Manpowre 2013-11-17 13:25

It is interesting to read that 580 board has better DP performance than 780, and close to 780ti.

And this table is the reason for Nvidia not to drop price on Titan. They know the ones left to buy titans are Cuda developers using DP!

Stef42 2013-11-17 14:47

As a current GTX580 owner, it would not be useful to upgrade to a 780Ti I guess. Only Titan seems to be better by a good margin.

Manpowre 2013-11-17 15:32

[QUOTE=Stef42;359616]As a current GTX580 owner, it would not be useful to upgrade to a 780Ti I guess.
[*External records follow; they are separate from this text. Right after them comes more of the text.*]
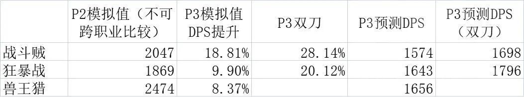 1. 要是模拟器准的话,在P3阶段,战斗贼和狂暴战、兽王猎之间的差距就变小了。
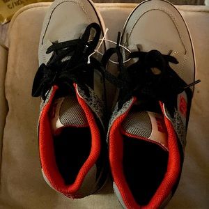 DC skateboard shoes. New. Size 7. Black and gray with red embroidered DC on side and back. Leather upper. Rubber sole.
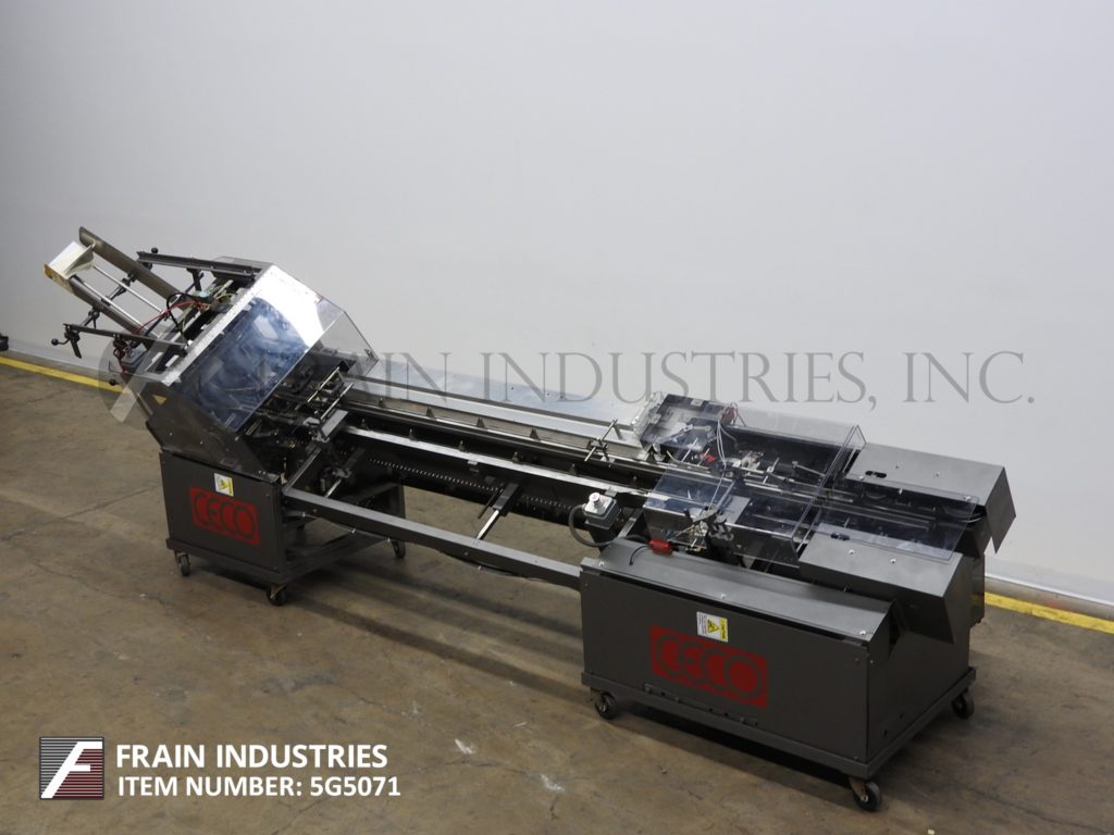 返回所有设备Ceco, 42A型,半自动连续运动卧式胶盒机。根据材料、应用和机器配置,每分钟可装10至50箱。纸箱范围:3"至9"长度;1"至2½"宽度;深度4英寸到12英寸。配备2½"高耳在12"中心,65"长角度负载区域,28"长杂志。
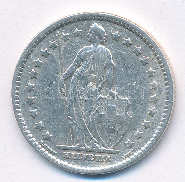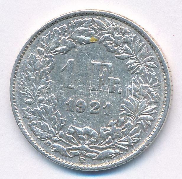 Svájc 1921B 1Fr Ag T:2-,3 Switzerland 1921B 1 Franc Ag C:VF,F Krause KM#24<a href="https://www.darabanth.com/hu/gyorsarveres/414/kategoriak~Numizmatika/Kulfoldi-fem-es-ezustpenzek~2000013/Svajc-1921B-1Fr-Ag-T2-3–Switzerland-1921B-1-Franc-Ag-CVF-F
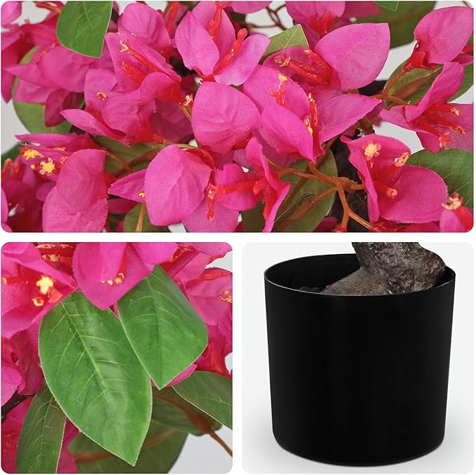 - HIGH-QUALITY MATERIAL: The bougainvillea bonsai tree is made with premium silk flowers and leaves for a soft, realistic texture, paired with a sturdy plastic pot and an artfully shaped trunk for a durable and elegant display.
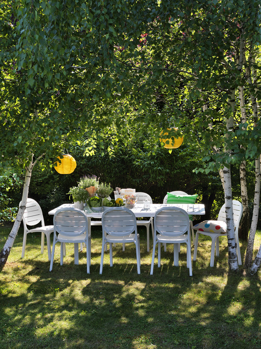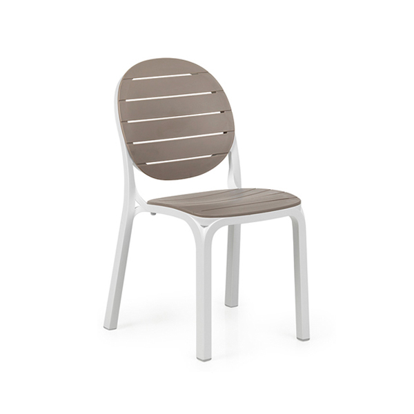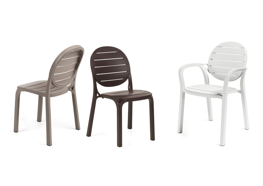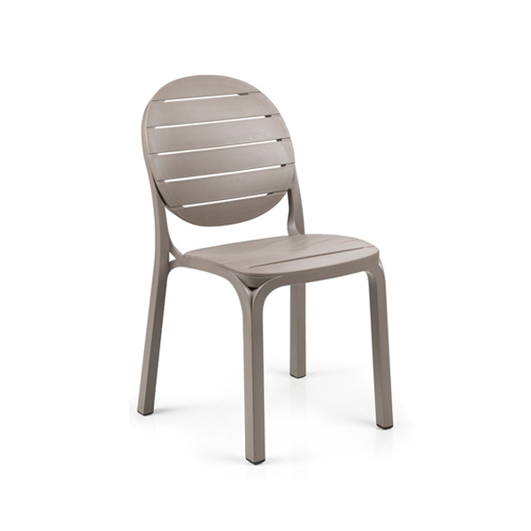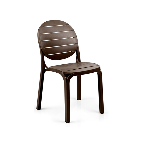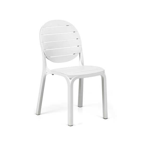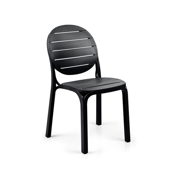 Stackable chair without arms in polypropylene treated anti-UV and colored in mass. Equipped with non-slip feet.
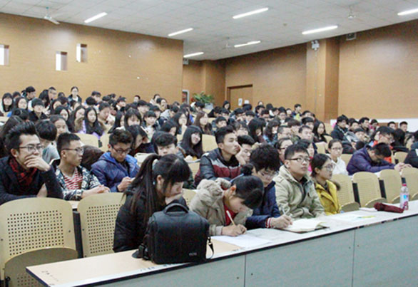 孙磊以“坚守与自省——在困惑中励志前行”为题,为来自各二级学院的学生从认清形势、研判走势、调整颓势、发展优势四个方面做了讲解,为同学们在专业、社会、未来发展等方面所存在的困惑做了细致的分析与指导。孙磊把设计专业放置在国际文化与经济的大背景下,并且贯通古今,结合当前个性化、多元化的消费趋势为大家指明专业的发展方向。孙磊分析了当今国际经济政治格局,他指出当前是一个尴尬的临界点,面对经济全球化、冷战思维以及以美国为首的西方国家的文化入侵,传统道德满目疮痍,本源文化遭到了严重破坏。因此,构建文化自信显得尤为重要。

Only Titan seems to be better by a good margin.[/QUOTE]

I bought 2 titans when I started this project in may.. but digging into these numbers and understanding cudalucas and p1 code more, I realized DP and 1/8 and 1/24 and 1/3 of SP speed is important.

Even though 580/590 has 500 some cudacores, it has 1/8 DP speed of SP. that means, in DP mode, which we use for cudalucas, it competes still 3 years later, and now we can buy these 580/590 for 50-100 USD each second hand. 2x 580 boards competes with 1 titan for 1000USD. It is a matter of hosting more boards on one machine and power supply.

flashjh 2013-11-17 17:16

[QUOTE=Manpowre;359619]It is a matter of hosting more boards on one machine and power supply.[/QUOTE]If I had the $$ I would switch to/use Titans to save power. Right now I use 580s for the reason of price vs performance ratio. Power usage is quite high though and it does take a toll on the budget.

TheMawn 2013-11-17 18:11

I have no idea where you're finding $50 - $100 GTX 580's. I know there are many who would upgrade from a 580 to a 670 or a 570 to a 660 Ti in a heartbeat, but even $100 isn't going to get you very far.

kracker 2013-11-17 18:27

[QUOTE=TheMawn;359627]I have no idea where you're finding $50 - $100 GTX 580's. I know there are many who would upgrade from a 580 to a 670 or a 570 to a 660 Ti in a heartbeat, but even $100 isn't going to get you very far.[/QUOTE]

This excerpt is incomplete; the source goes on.